The dark gray Arabian mare was led by a college girl who could have been the same college girl as the one he remembered from a long time ago—same oversized sweater and undersized jeans—the one who walked away when her horse didn't sell. But this one had at least the decency to have cried all the way here. You could see it in her swollen face. Some horses had to be sold; he'd sold his own gelding, Pywackit, but to a neighbor, when he'd gone to college, and he still thought about him. Next to him, he felt Ian sit up straight. The horse's name was Sultana, and she was eight years old, owned by Tracy Hollander of Lansing, Michigan, for the past three years, part of the University of Wisconsin Madison's precision color guard and the University of Wisconsin Madison's equestrian team.

“Now, this is a beautiful horse, a beautiful horse,” Cy said. “And she is gentle as a kitten. Would do anything this little girl here wanted.

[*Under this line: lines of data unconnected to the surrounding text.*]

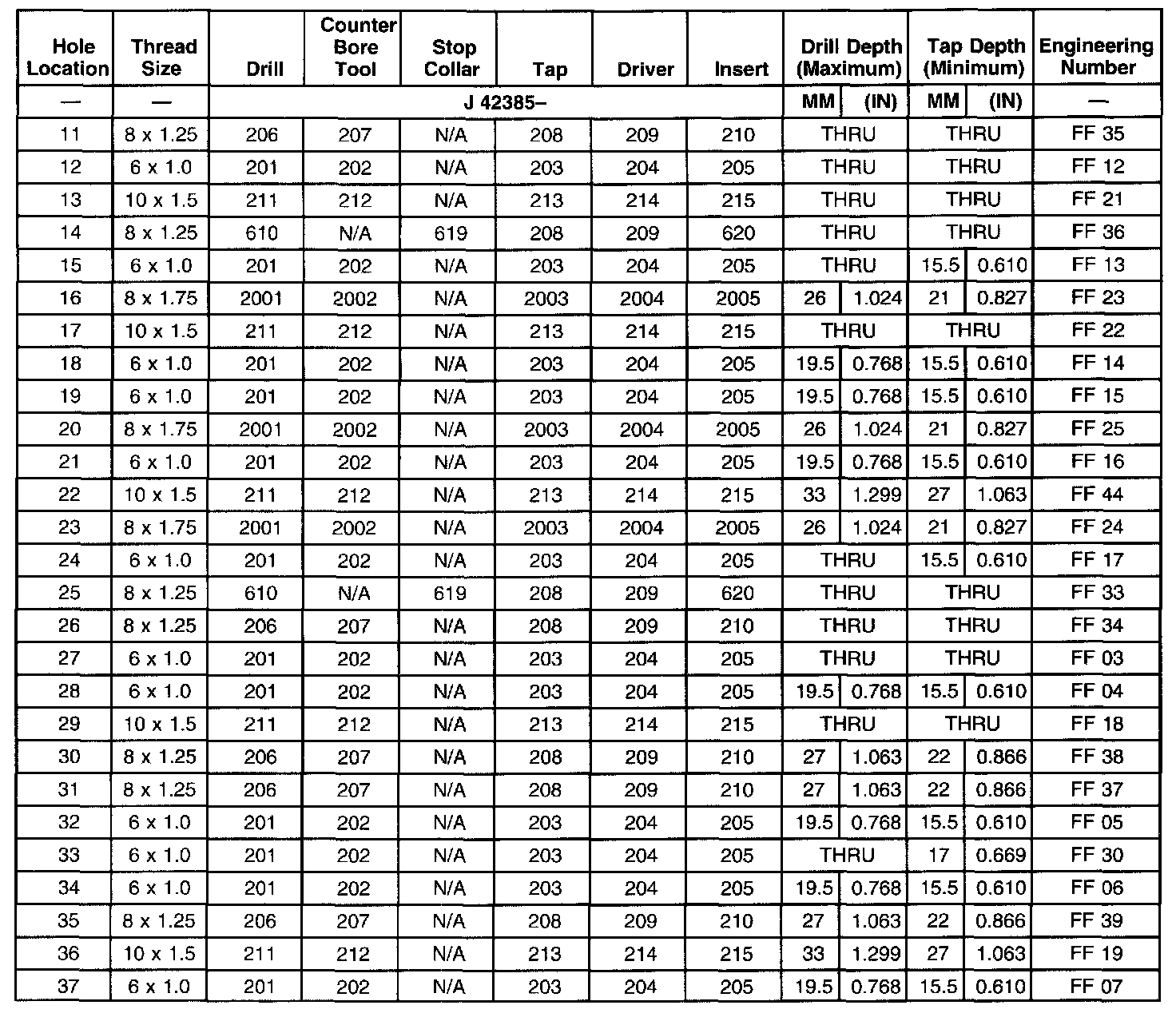 Thread Repair Specifications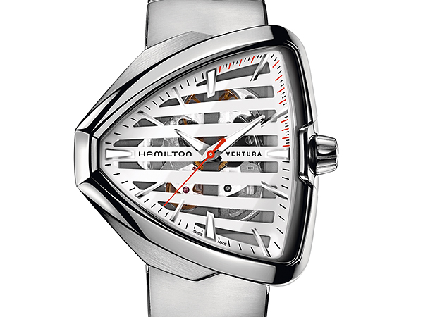 Ventura腕錶於1957年面世時,獲公認為甚具未來風格作品。最後一款腕錶為展現同樣格調,採用超現代的鏤空設計,細意欣賞之下就發現其形狀隱約與「貓王」所用的麥克風互相呼應。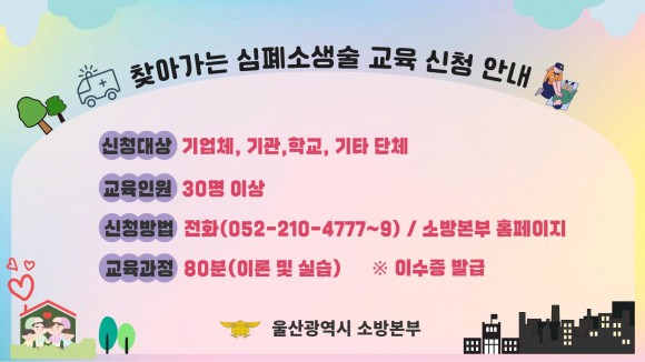 ‘찾아가는 심폐소생술 교육’은 기업체, 기관, 학교, 기타단체 30명 이상을 대상으로 하며, 울산소방본부 누리집 또는 전화(052-210-4777~9)로 신청하면 된다.

Now, if she does not find a buyer tonight, she will be donated, by her owner's family, to Bright Gateway. That's how easy she goes. Sound as a nut, been vetted regular. But a horse like this, she should belong to one person . . .”

“Dad!” Ian said urgently.

“Be still now,” Frank told him. He waited. He saw the Kesselberg brothers a few rows up, Galen and Tommy. They would flip her after she threw a foal or two, but by then, she'd be broody, and not as well disposed to the cooperation of horse and rider.

“Let's start the bidding at two hundred,” Cy said. “Which is a crime, really. Okay, Galen. I see three. Up there, three fifty. Welcome. Welcome. Tommy? You're going to bet against your own brother?”

“I'm fixing my hat, Cy.”

“We have three fifty. Who's going to take this pretty girl home? Four hundred? Galen? Thank you very much. Now, oops! Yes, four fifty. Now, this is more like it. Horse like this, in Chicago, would sell for sixteen hundred dollars, two thousand, five thousand dollars.”